AIM OF THE EXERCISE
Please give back all the records exactly, but keep the pictures out.

AVAILABLE DATA
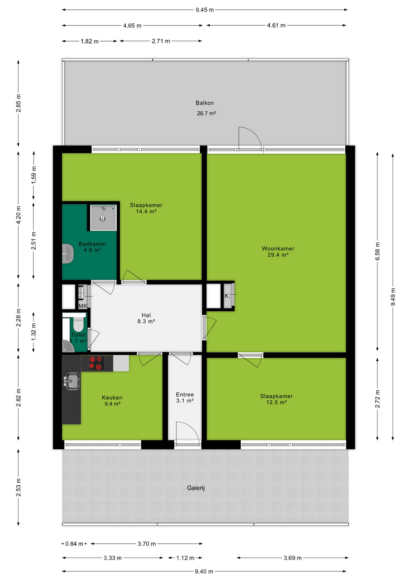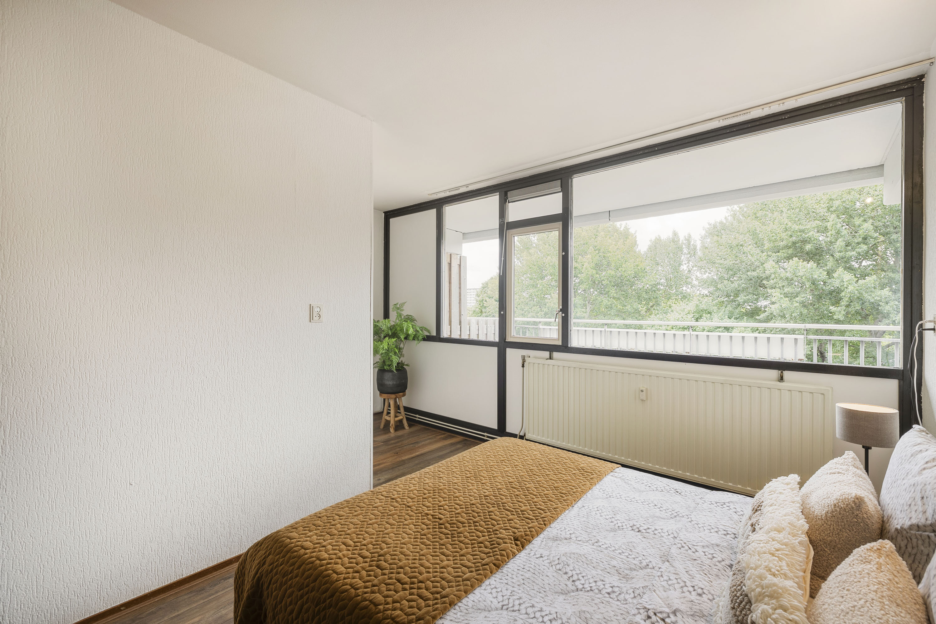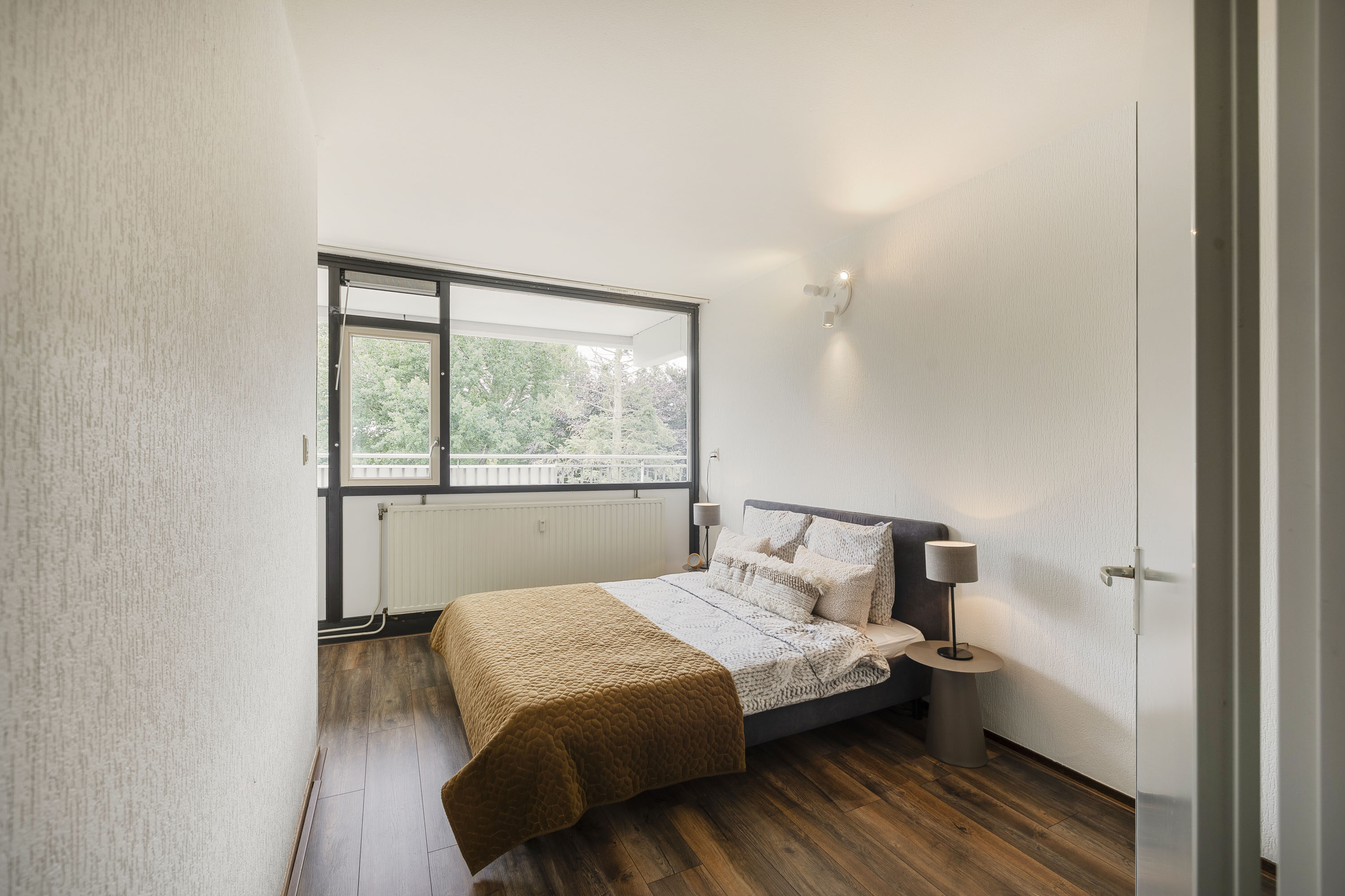 Het appartement beschikt over twee ruime slaapkamers van respectievelijk circa 14,5 m² en 13 m². De slaapkamer aan de balkonzijde is voorzien van grote ramen en biedt een mooi, vrij uitzicht. De tweede slaapkamer, gelegen aan de galerijzijde, is ideaal als werk- of logeerkamer. Beide kamers zijn keurig afgewerkt en bieden volop indelingsmogelijkheden.
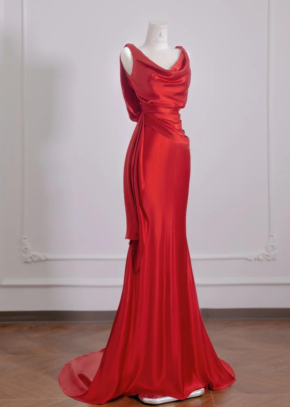 Niulatu Red Satin Mermaid Open Back Long Prom Dresses Elegant Evening Gowns HZ1103
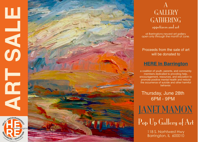 At Janet’s Pop Up Gallery, you will see over 130 of her paintings in oil on canvas ranging in size from 4 x 4 to 9 feet high by 7 feet wide and ranging in price from $25 to $8,000. She is best known for her landscapes, skyscapes, abstracts, still life and figurative art. To meet the artist, view her work and get to know her philosophy about the healing power of art and meditation, drop by her gallery gathering from 6 to 9 p.m. tonight, Thursday June 28th, at 118 S. Northwest Highway. It’s in the space right next door to Starbucks. She’ll be serving wine, coffee and appetizers and she hopes to see you there! To learn more about Janet and see her work, visit her website at JanetMamon.com and to learn more about the work of HERE in Barrington, visit HEREinBarrington.org.
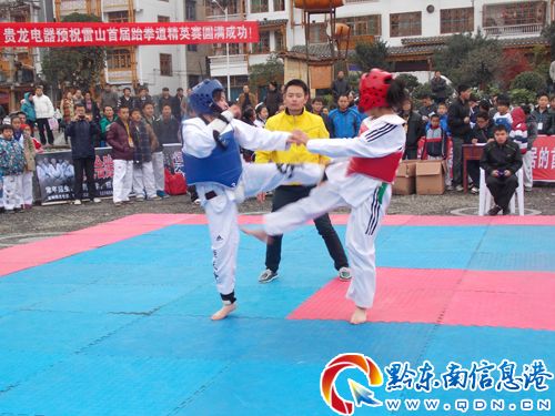 12月1日至2日,由黔東南州社會(huì)體育管理中心主辦,雷山縣文體廣播局、黔東南州州跆拳道協(xié)會(huì)承辦、恒天跆拳道教學(xué)聯(lián)盟協(xié)辦的“2012黔東南州雷山苗年鼓藏節(jié)‘方祥天麻杯’跆拳道精英賽”在雷山縣城木鼓小廣場(chǎng)舉行。來(lái)自黔東南州的部分中小學(xué)校5-19歲的兒童、少兒、青少年11支代表隊(duì)、248名運(yùn)動(dòng)員參與角逐。(張希才 攝影報(bào)道)
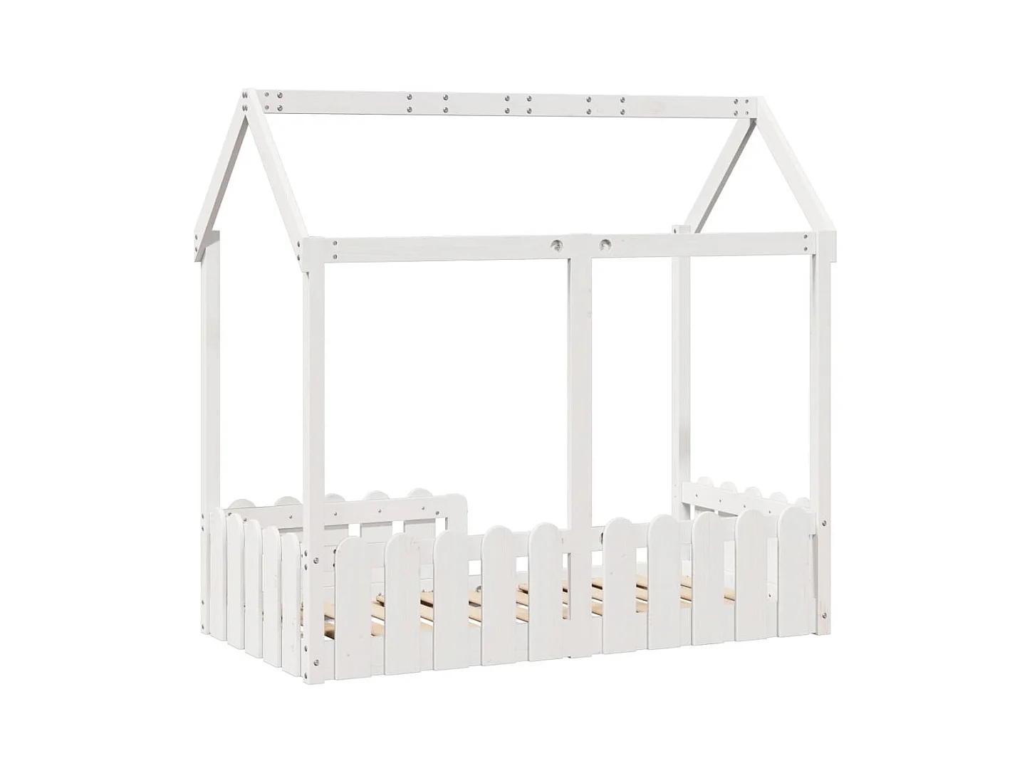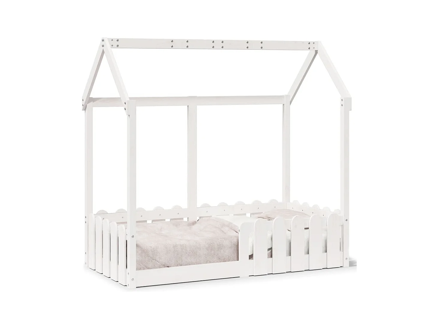 Cama con forma de casa para niños madera maciza blanco 70x140cm
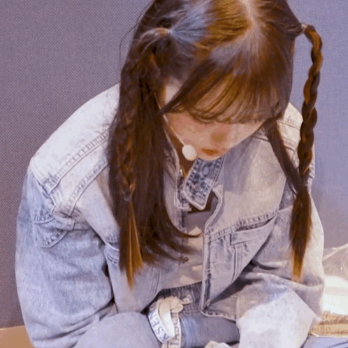 Kpop Triples member Seoah with braided pigtails, wearing a denim jacket and looking down.

OUTPUT BELOW
 Het appartement beschikt over twee ruime slaapkamers van respectievelijk circa 14,5 m² en 13 m². De slaapkamer aan de balkonzijde is voorzien van grote ramen en biedt een mooi, vrij uitzicht. De tweede slaapkamer, gelegen aan de galerijzijde, is ideaal als werk- of logeerkamer. Beide kamers zijn keurig afgewerkt en bieden volop indelingsmogelijkheden.
 Niulatu Red Satin Mermaid Open Back Long Prom Dresses Elegant Evening Gowns HZ1103
 At Janet’s Pop Up Gallery, you will see over 130 of her paintings in oil on canvas ranging in size from 4 x 4 to 9 feet high by 7 feet wide and ranging in price from $25 to $8,000. She is best known for her landscapes, skyscapes, abstracts, still life and figurative art. To meet the artist, view her work and get to know her philosophy about the healing power of art and meditation, drop by her gallery gathering from 6 to 9 p.m. tonight, Thursday June 28th, at 118 S. Northwest Highway. It’s in the space right next door to Starbucks. She’ll be serving wine, coffee and appetizers and she hopes to see you there! To learn more about Janet and see her work, visit her website at JanetMamon.com and to learn more about the work of HERE in Barrington, visit HEREinBarrington.org.
 12月1日至2日,由黔東南州社會(huì)體育管理中心主辦,雷山縣文體廣播局、黔東南州州跆拳道協(xié)會(huì)承辦、恒天跆拳道教學(xué)聯(lián)盟協(xié)辦的“2012黔東南州雷山苗年鼓藏節(jié)‘方祥天麻杯’跆拳道精英賽”在雷山縣城木鼓小廣場(chǎng)舉行。來(lái)自黔東南州的部分中小學(xué)校5-19歲的兒童、少兒、青少年11支代表隊(duì)、248名運(yùn)動(dòng)員參與角逐。(張希才 攝影報(bào)道)
 Cama con forma de casa para niños madera maciza blanco 70x140cm
 Kpop Triples member Seoah with braided pigtails, wearing a denim jacket and looking down.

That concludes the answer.